Growing up in the 80s, the teacher was the centre of the classroom universe. Students had one duty: to learn without question. The teacher’s word was law, the textbook the only gospel. Learning flowed in one direction, from the head of the teacher into the notebooks of the students. Learning by rote was the order of the day, which led to the invention of famous phrases like “Chew and Pour, Pass and Forget.”


The writer: Steven Duyile
The Writer: Steven Duyile

Fast forward to today, and the classroom has morphed into an entirely new world: one where curiosity, dialogue, and collaboration are as essential as chalk once was. The days of silent rows, repeat after me, and unquestioned obedience have given way to buzzing spaces alive with energy, ideas, and possibilities.


The 21st-century classroom is not quiet. It hums with questions. We have children who learn to swipe before they learn to write, and their favourite word is ‘Why’. Why this? Why that? Why not? They are not rebels, but explorers, born into a digital age where technology has flung open the floodgates of knowledge. What was once mostly privy to the teachers/adults is now available to anyone with a device connected to the internet. Students carry the world’s libraries, laboratories, and lecture halls in their pockets.


And so the role of the teacher must change. Our task is no longer to guard information, but to guide discovery. We are not only transmitters of knowledge. We are cultivators of curiosity, shapers of skills, nurturers of wisdom and emotional intelligence. The teacher is not the star of the show anymore; our students are. Our role is to light the path, not to block the horizon.

In my own classroom, I have come to understand and appreciate the fact that children have diverse ways of assimilating information. Some students thrive when working with peers, sharing ideas with each other until they find clarity. Others prefer the quiet space of individual work, needing time to reflect before sharing. Many hover somewhere in between. Supposing I insisted on teaching the way I was taught: one method, one voice, one answer, I would miss the capability and diversity of half my students. Growth as a teacher means letting go of the old way of thinking one size fits all. Instead, it means adapting, experimenting, and meeting learners where they are.

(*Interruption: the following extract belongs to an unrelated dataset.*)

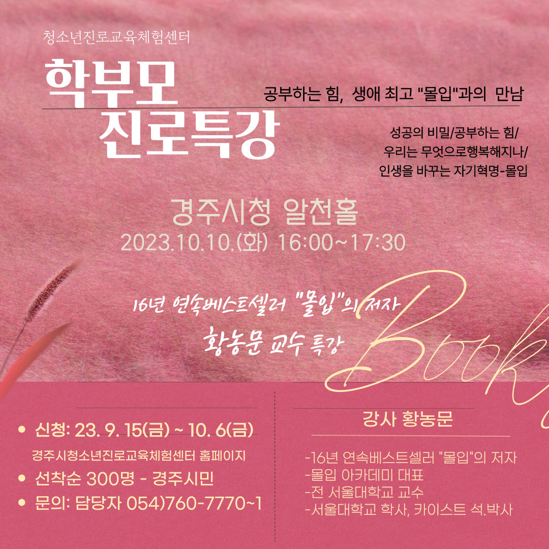 - 강 사 : 전 서울대학교 교수 황농문강사- 일 시 : 2023. 10. 10 (화) 16:00~17:30- 장 소 : 경주시청 알천홀- 대 상 : 경주시민 (선착순 300명)- 신 청 : 2023.09.159금) ~ 10.6(금)- 문 의 : 054-760-7770~1
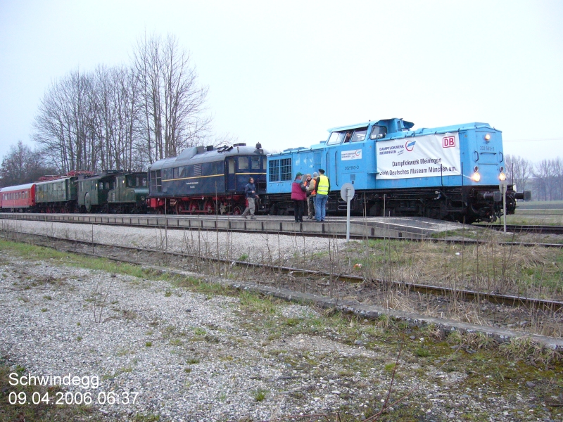 202 563 ist zu einem Wartungshalt mit Überführung der V140 001, LAG1, D 2/2, E16 07 und B IX 1000nach Freilassing in Schwindegg eingetroffen

This is not always easy. To grow into the role of a guide requires humility. It means admitting we don’t have all the answers. In fact, our students may discover something on Google faster than we can recall it from memory. Rather than seeing that as a threat, we can embrace it as an opportunity. What matters is not who holds the fact, but who can help make sense of it. Teachers in the 21st century shouldn't try competing with the internet, but rather help shape the wisdom to use it well.


This growth also calls us to build classrooms that are inclusive and welcoming. To be a 21st-century teacher is to ensure that every child is seen, every background respected, every voice heard. This requires intentionality and creativity: weaving technology, group projects, stories, and play into lessons that reach children with different needs and learning styles. It requires courage: challenging old systems that value memorisation over imagination, or uniformity over individuality. And it requires persistence: experimenting with new methods, failing sometimes, but always striving to improve.


The real question, then, is not whether our students are ready for the 21st century. They already live in it. The question is, are we? Are we willing to trade certainty for curiosity, authority for humility, and control for collaboration? Are we ready to grow, not just as instructors, but as lifelong learners walking alongside our students?


Because in the end, great teachers don’t stand in front of students, they journey with them. Not to show off their own light, but to awaken the students’.